What you are asked to do
Give back the whole listing exactly as written, pictures excluded.

Supplied information
···

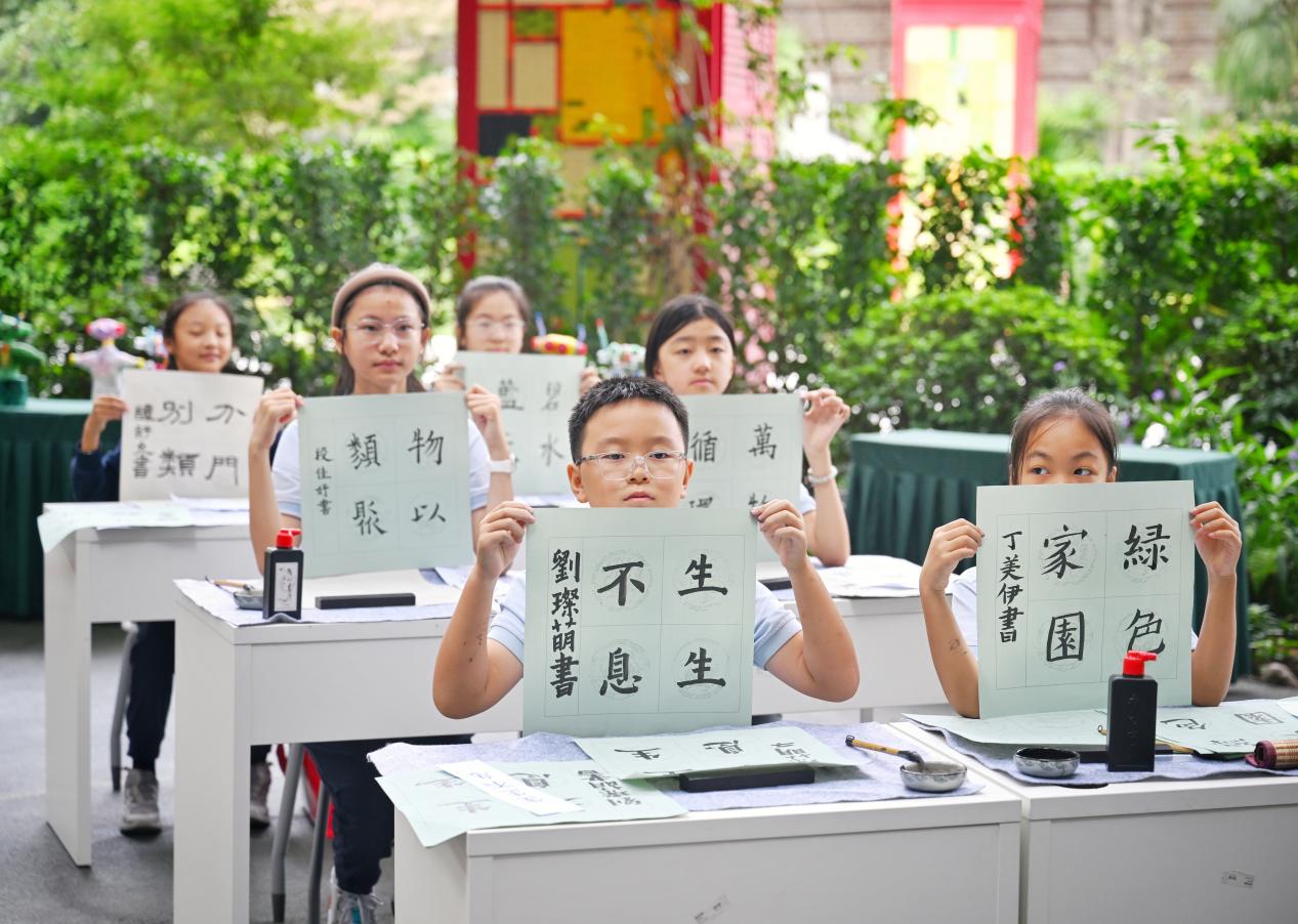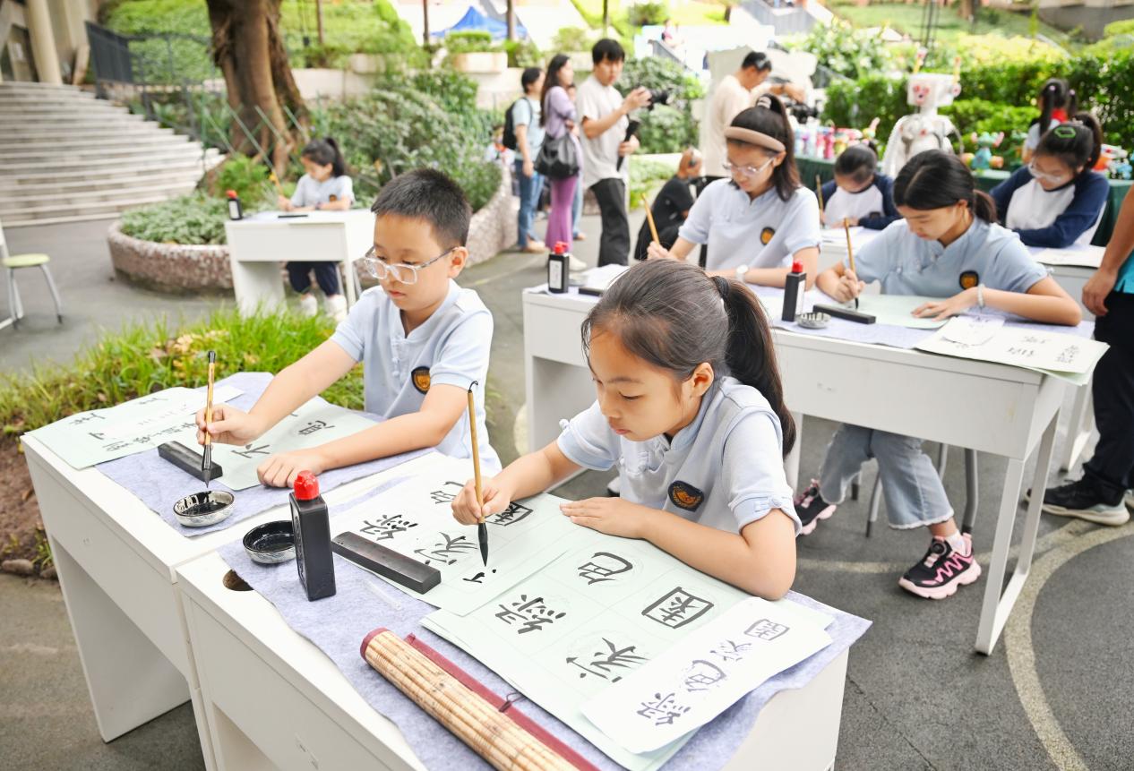 据了解,这次主题班会活动是“洁净家园·你我同行”城市开放日主题活动的一部分。在重庆市人民小学的分会场内,除了主题班会,学生还在现场展示了自己创作的旧物改造手工作品,并讲解了其创作理念;现场还设有“书法展示区”,由郑祥军书法老师现场教导学生书写“洁净家园·你我同行”主题作品。 “数据调查小队”播报:生活垃圾中藏着“宝贝” “大家有没有想过,在美丽的山城重庆,我们每天究竟会制造多少垃圾?”班会活动一开场,小主持人的提问引起了大家的深思。 很快,班会里的“数据调查小队”成员公布答案:“我们发现,重庆每天产生的生活垃圾大约是1.5万吨,如果用载重10吨的大卡车来运送,需要足足1500辆!”
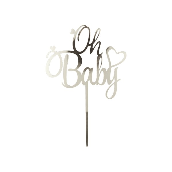 Topper Oh Baby με καρδιά σκέτο ασημί 15cm
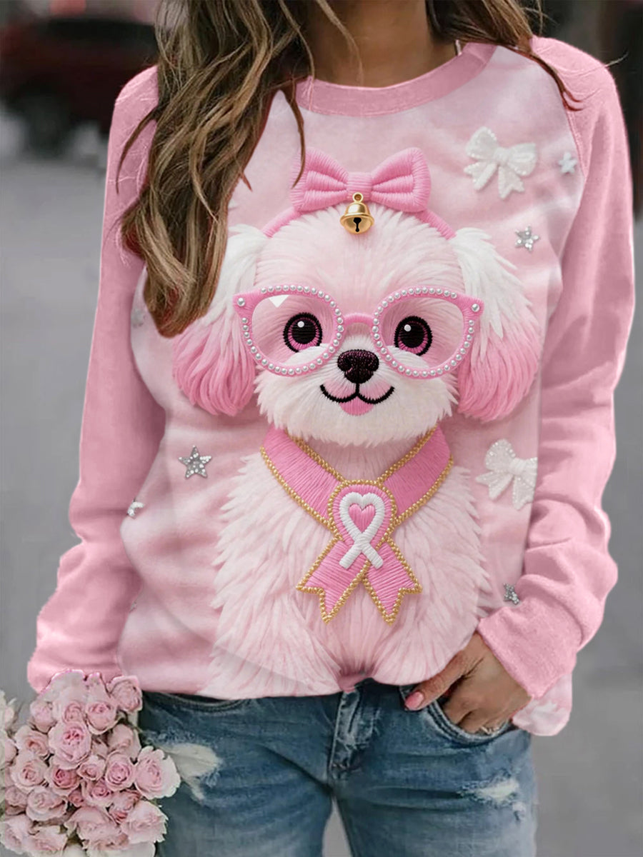 Women's Pink Dog Pink Ribbon Breast Cancer Awareness Sweatshirt

···

Written solution
 据了解,这次主题班会活动是“洁净家园·你我同行”城市开放日主题活动的一部分。在重庆市人民小学的分会场内,除了主题班会,学生还在现场展示了自己创作的旧物改造手工作品,并讲解了其创作理念;现场还设有“书法展示区”,由郑祥军书法老师现场教导学生书写“洁净家园·你我同行”主题作品。 “数据调查小队”播报:生活垃圾中藏着“宝贝” “大家有没有想过,在美丽的山城重庆,我们每天究竟会制造多少垃圾?”班会活动一开场,小主持人的提问引起了大家的深思。 很快,班会里的“数据调查小队”成员公布答案:“我们发现,重庆每天产生的生活垃圾大约是1.5万吨,如果用载重10吨的大卡车来运送,需要足足1500辆!”
 Topper Oh Baby με καρδιά σκέτο ασημί 15cm
 Women's Pink Dog Pink Ribbon Breast Cancer Awareness Sweatshirt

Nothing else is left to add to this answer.